Age and Stage

Baby Proofing for Crawlers: The First Safety Sweep Your Home Needs

6 min read

Most parents picture baby-proofing as something they’ll get to eventually, maybe after the first crawl. That’s the wrong order. By the time your baby is pulling across the floor toward the dog’s water bowl, you’ve already lost the window.

The AAP notes that most babies begin crawling between 6 and 10 months, though some start as early as 4 months. That’s a narrow runway. Crawling means your baby can reach new things and is actively, relentlessly searching for things to reach. Every cord, every cabinet gap, every outlet at baseboard height is suddenly a destination.

This is the sweep you do before that happens.

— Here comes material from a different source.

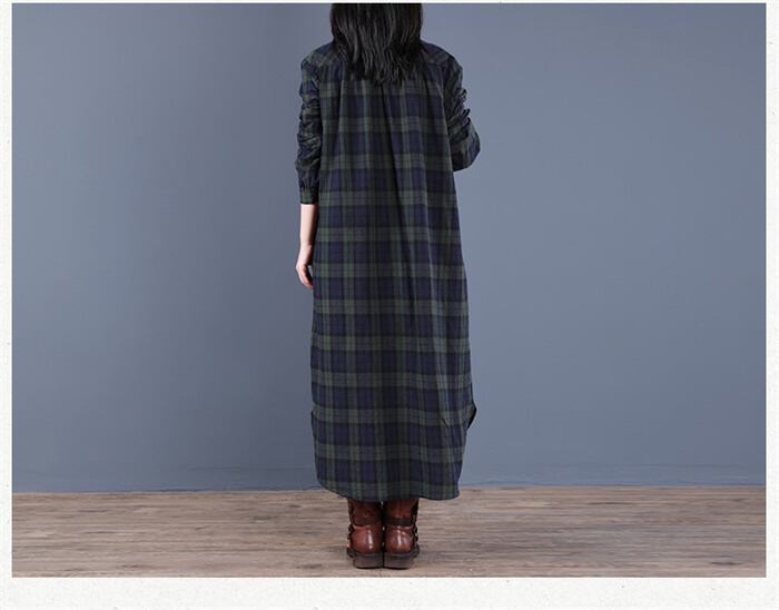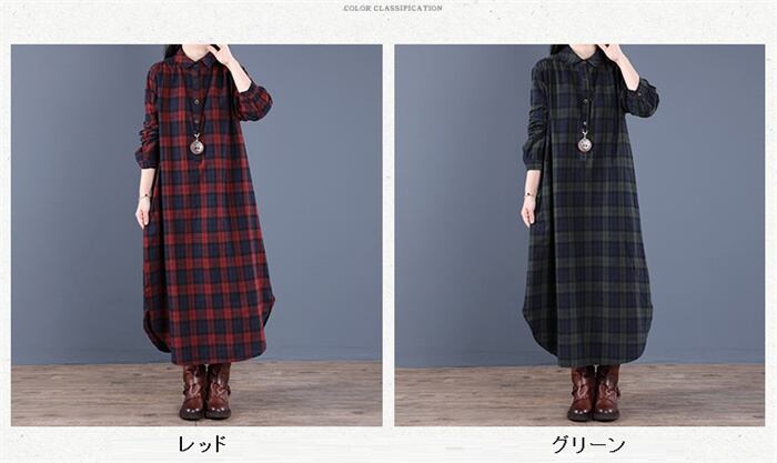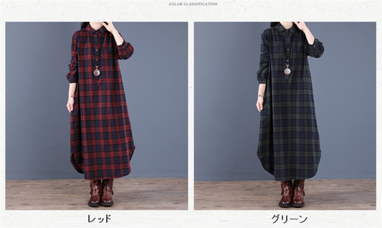 シャツワンピース 長袖 チェック柄 2色 M-2XL ロング丈

The Floor Is a Different World

Get down on your hands and knees in every room you use regularly. I mean this literally. Do it in your living room, your kitchen, your hallway. The view from 18 inches off the ground is not the view you have standing up. You’ll see the frayed lamp cord running under the couch. The coin that rolled under the coffee table six weeks ago. The gap between the cabinet door and the frame that a small hand fits into perfectly.

The CPSC uses a toilet paper tube as a rough guide for choking hazards: if an object fits through the tube, it’s a risk for a child under 3. Do a floor-level sweep with that standard in mind. Coins, button batteries, pen caps, small toy parts, pet kibble. All of it. Crawlers mouth everything they pick up. That’s not curiosity gone wrong. That’s developmentally normal behavior that requires the environment to be safe, not the baby to know better.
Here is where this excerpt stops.